◆ Directions for this task ◆
Write out again the lines from the line with "VC Ahaneku welcoming" up to and including the line with "Photograph 11: Wooden", exactly as they stand below, and skip any picture.

◆ Recorded information ◆

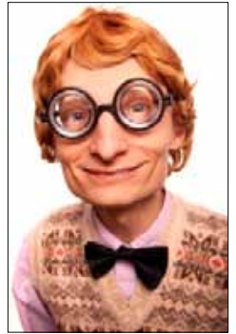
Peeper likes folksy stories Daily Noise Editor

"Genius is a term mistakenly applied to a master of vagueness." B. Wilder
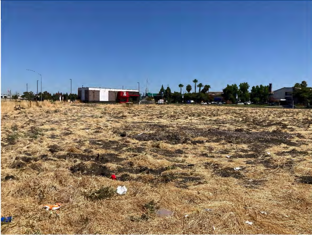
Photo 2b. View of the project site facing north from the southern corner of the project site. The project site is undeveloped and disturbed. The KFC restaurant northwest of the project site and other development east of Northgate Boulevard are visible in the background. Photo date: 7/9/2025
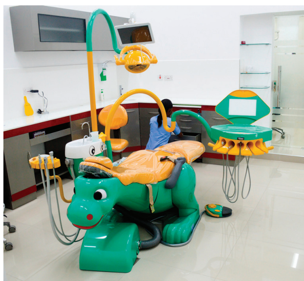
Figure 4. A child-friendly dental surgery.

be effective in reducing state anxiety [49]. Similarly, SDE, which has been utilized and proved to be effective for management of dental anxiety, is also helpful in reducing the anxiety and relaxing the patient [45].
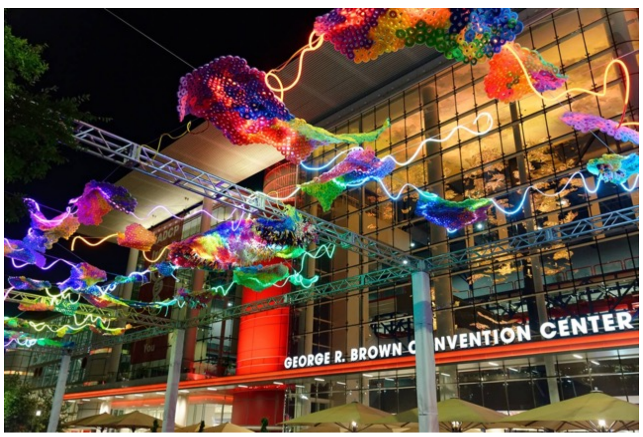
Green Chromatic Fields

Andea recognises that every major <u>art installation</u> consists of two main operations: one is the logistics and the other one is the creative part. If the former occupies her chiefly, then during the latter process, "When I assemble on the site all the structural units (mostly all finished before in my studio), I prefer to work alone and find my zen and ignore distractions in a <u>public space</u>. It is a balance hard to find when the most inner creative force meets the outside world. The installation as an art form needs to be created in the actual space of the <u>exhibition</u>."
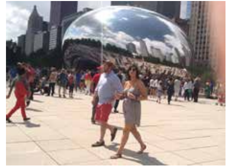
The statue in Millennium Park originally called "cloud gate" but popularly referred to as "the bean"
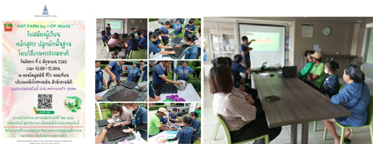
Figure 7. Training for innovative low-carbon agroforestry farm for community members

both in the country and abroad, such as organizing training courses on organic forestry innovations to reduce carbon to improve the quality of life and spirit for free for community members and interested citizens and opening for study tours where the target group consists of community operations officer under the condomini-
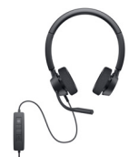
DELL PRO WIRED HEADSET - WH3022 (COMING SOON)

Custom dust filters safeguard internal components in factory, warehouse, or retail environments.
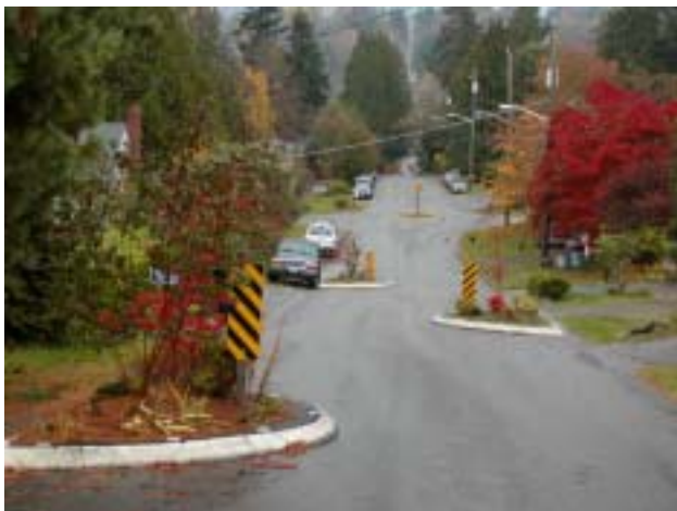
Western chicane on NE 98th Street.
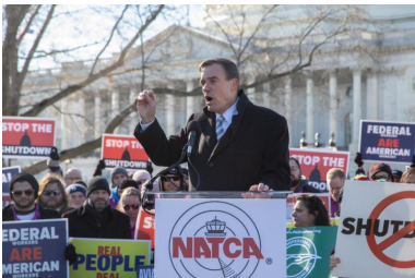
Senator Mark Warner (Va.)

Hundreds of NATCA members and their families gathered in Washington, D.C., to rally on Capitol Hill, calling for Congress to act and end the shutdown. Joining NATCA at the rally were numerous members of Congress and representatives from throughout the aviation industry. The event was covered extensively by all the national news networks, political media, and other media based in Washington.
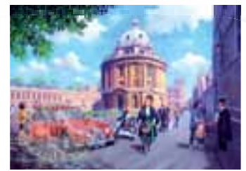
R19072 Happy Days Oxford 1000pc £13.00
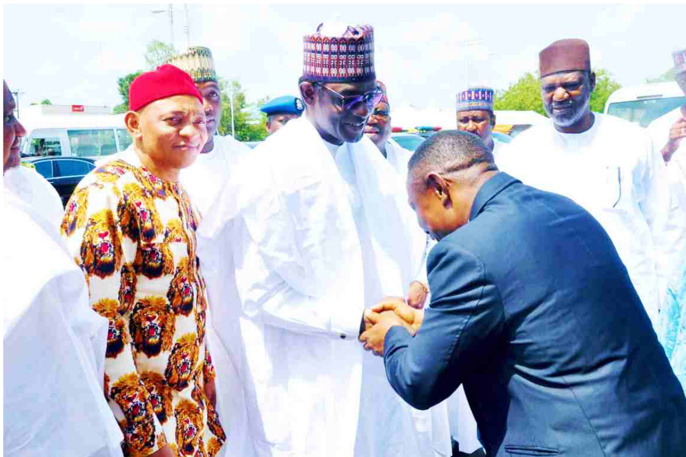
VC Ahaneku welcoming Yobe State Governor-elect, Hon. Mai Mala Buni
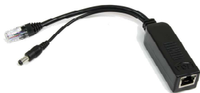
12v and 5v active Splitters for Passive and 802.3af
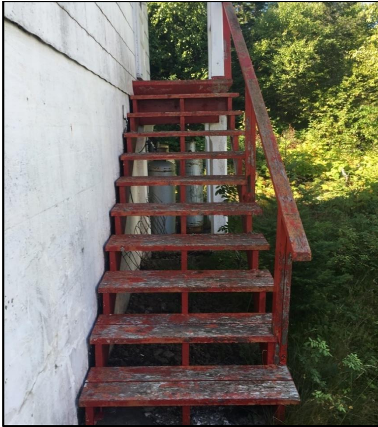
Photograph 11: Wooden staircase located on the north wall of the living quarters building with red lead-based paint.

...

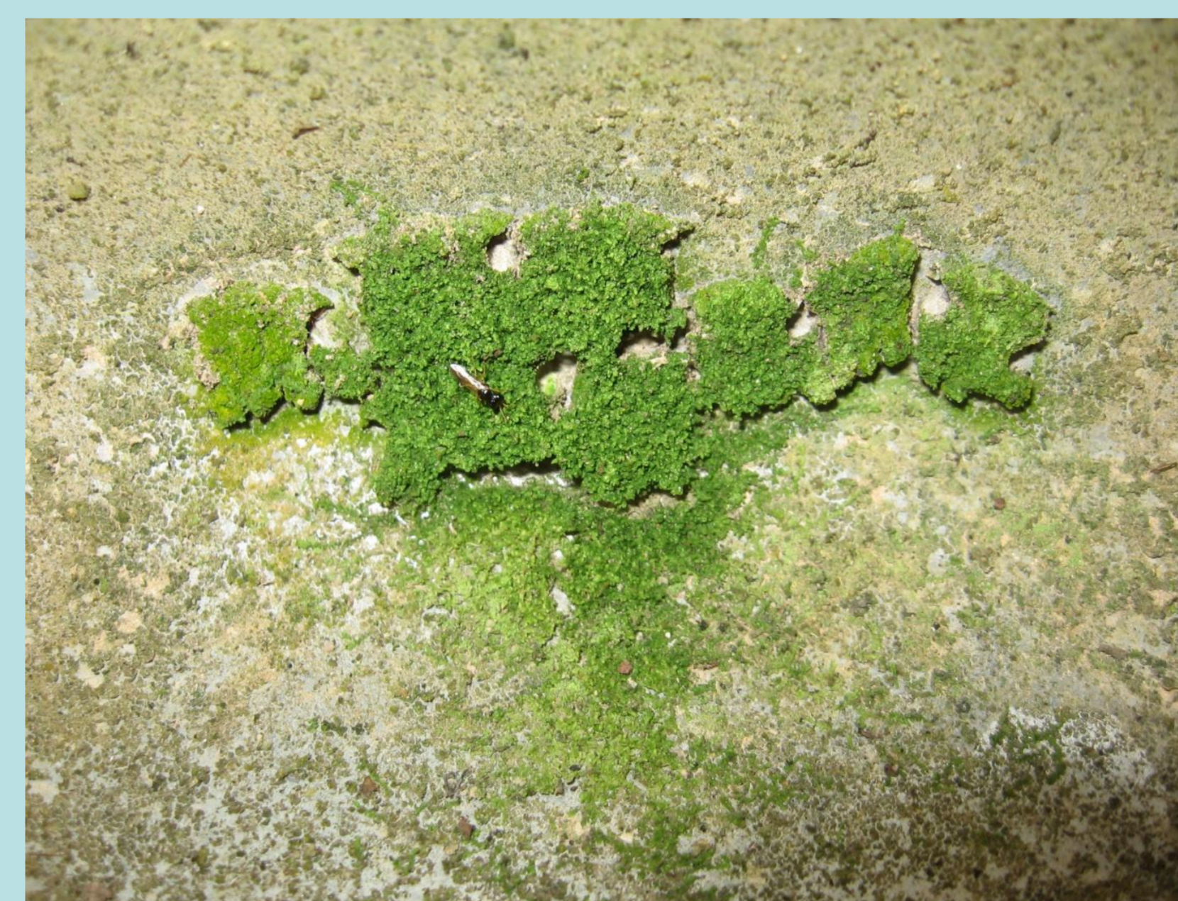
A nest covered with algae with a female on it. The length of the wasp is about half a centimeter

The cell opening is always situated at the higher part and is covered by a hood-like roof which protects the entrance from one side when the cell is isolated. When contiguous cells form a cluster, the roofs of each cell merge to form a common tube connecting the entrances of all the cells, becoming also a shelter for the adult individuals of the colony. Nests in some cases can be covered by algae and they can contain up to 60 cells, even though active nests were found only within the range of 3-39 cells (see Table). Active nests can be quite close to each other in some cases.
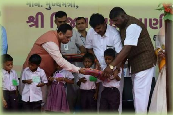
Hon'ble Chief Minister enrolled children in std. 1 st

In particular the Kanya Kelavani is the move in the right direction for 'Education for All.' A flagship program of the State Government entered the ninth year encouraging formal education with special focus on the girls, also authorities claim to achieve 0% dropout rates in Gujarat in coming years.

--

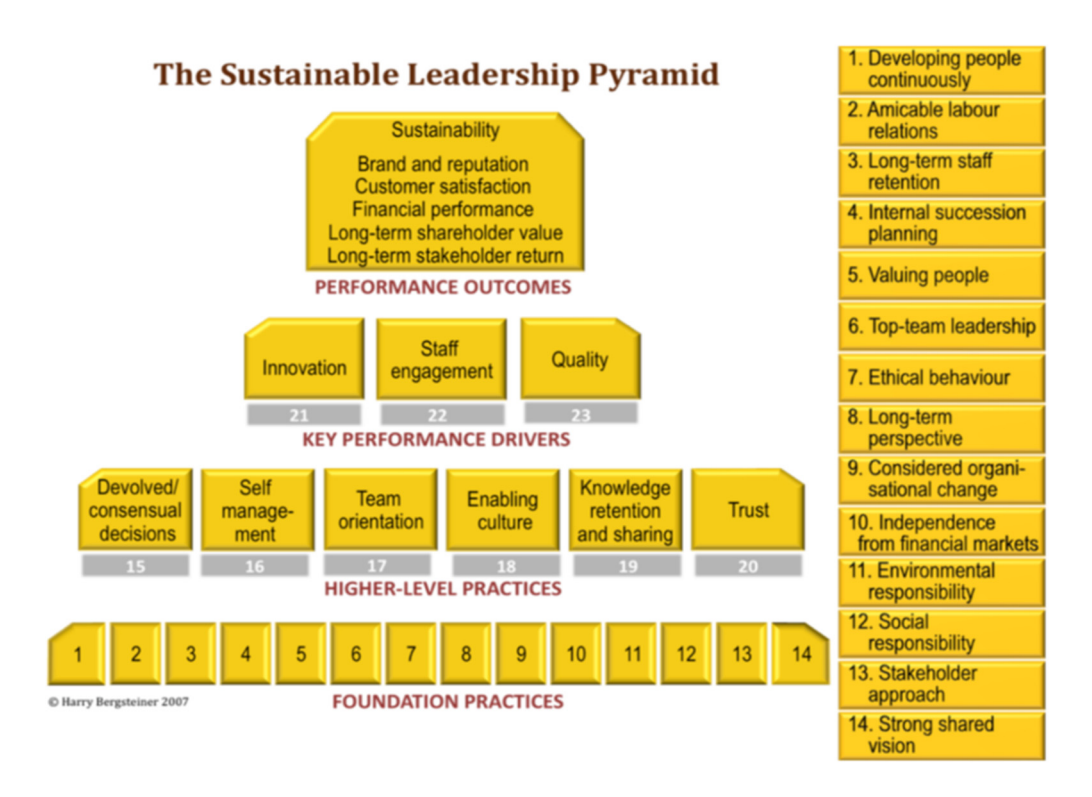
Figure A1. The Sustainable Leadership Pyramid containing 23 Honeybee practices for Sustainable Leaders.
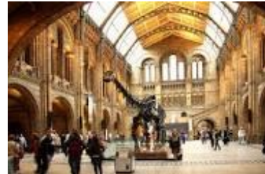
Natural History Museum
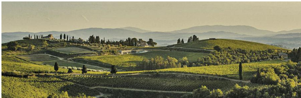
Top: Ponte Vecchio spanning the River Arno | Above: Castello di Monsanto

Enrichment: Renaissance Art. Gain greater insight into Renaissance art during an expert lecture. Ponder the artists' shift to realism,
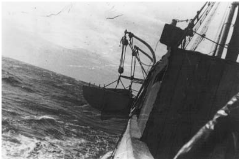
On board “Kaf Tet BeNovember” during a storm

◆ Exercise answer ◆
VC Ahaneku welcoming Yobe State Governor-elect, Hon. Mai Mala Buni
12v and 5v active Splitters for Passive and 802.3af
Photograph 11: Wooden staircase located on the north wall of the living quarters building with red lead-based paint.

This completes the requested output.